PDA

View Full Version : wget -A html,htm deletes downloaded files


RhinoBoy
03-12-2002, 10:43 AM
I just installed wget 1.8.1 and have had a terrible time configuring it. Most importantly I can't get the Accept command line switch or the .wgetrc "action" setting to work.

It seems to work with a single file suffix like html. When I add more suffixes, it downloads the file and then deletes it because it was rejected. I have tried all permutations I can think of:

-A html,htm,jpg,gif
-A .html,.htm,.jpg,.gif
-A “html,htm,jpg,gif”
-A ‘html,htm,jpg,gif’
-A “html”,”htm”,”jpg”,”gif”
-A ‘html’,’htm’,’jpg’,’gif’
etc., etc., etc

I also tried putting these in .wgetrc with the same result. BTW, I tried creating the .wgetrc file with BBEdit and wget never accessed it as far as I can tell (is there a way to tell?). I then copied the wgetrc file installed with wget and edited it with BBEdit and that worked. Is this a file/creator type issue?

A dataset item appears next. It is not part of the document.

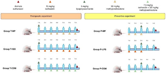 The study comprised two phases: preventive and therapeutic. In all the experiments that involved induction by LPS (Sigma-Aldrich, Darmstadt, Germany, Escherichia coli, serotype 055: B5, lot 0000133605/99%), a single dose of LPS (5 mg/kg) was administered intraperitoneally; all agents, including LPS, were administered intraperitoneally [24,25,26]. The preventive phase involved the administration of the agents before LPS induction; each group contained 10 animals. In the P-MP group, 50 mg/kg of methylprednisolone (Hangzhou Hyper Chem. Limited, Hangzhou, China) was given daily for 3 days before induction. After induction, the animals were left for 2 days without intervention [24,27]. Similar procedures were performed for the P-ISO (15 mg/kg once daily of isofraxidin (Hangzhou Hyper Chem. Limited, Hangzhou, China) for 3 days [28]) and P-COM groups (a combination of 7.5 mg/kg of isofraxidin plus 25 mg/kg methylprednisolone for 3 days [27,28]) before LPS induction. Additionally, two groups, P-C (negative control) and P-I (LPS induction), did not receive any treatment and were followed up after 5 days, as seen in Figure 1.

Anyway, HELP. What am I missing here? I think wget holds the greatest promise for me for the way I like to download and read off line.

TIA, Dan

fireproof
03-12-2002, 11:49 AM
I'd guess that the .wgetrc file issue has more to do with permissions or line endings (LF vs CR -- check out BBEdit Lite for changing between DOS, Unix, and Mac line endings).

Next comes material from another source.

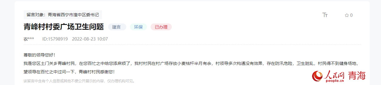 收到留言后,青海省西寧市湟中區(qū)委辦公室于9月5日給出答復(fù):自收到留言后,湟中區(qū)委高度重視,相關(guān)部門立即開始詳細(xì)了解情況。在相關(guān)部門工作人員的及時督促下,青峰村村廣場存放的小麥和秸稈現(xiàn)已全部清理完畢。下一步,湟中區(qū)土門關(guān)鄉(xiāng)人民政府已要求村“兩委”干部對影響村容村貌的現(xiàn)象及時發(fā)現(xiàn)整改,確保鄉(xiāng)村環(huán)境衛(wèi)生整潔。

Also, for lines like -A ‘html’,’htm’,’jpg’,’gif’ perhaps you want to use the

`
(backtick) character at the beginning AND the end?

Just a thought.

RhinoBoy
03-12-2002, 12:14 PM
I created that post with a word processor. In reality, I tried permutations of the single quote ' and double quote ".

mervTormel
03-12-2002, 12:41 PM
i got this to work, but with some errors:

% wget -r -l1 --no-parent -A.jpg 'http://home.mindspring.com/~bduart/'

% ls -s home.mindspring.com/%7Ebduart/
total 36
16 moonIsAharshMistress.jpg 20 retroTVwTestPattern.jpg

RhinoBoy
03-12-2002, 04:36 PM
The problem isn't with a single accept keyword. I can't figure out how to get more than one to work. The following works fine:

wget -l1 --no-parent -A.html http://wopr.norad.org/articles/firewall/

This one below, with two suffixes, downloads the html file and then deletes it because it should be rejected.

wget -l1 --no-parent -A.html,.htm http://wopr.norad.org/articles/firewall/

15:33:36 (138.94 KB/s) - `wopr.norad.org/articles/firewall/basics.html' saved [1565/1565]

Removing wopr.norad.org/articles/firewall/basics.html since it should be rejected.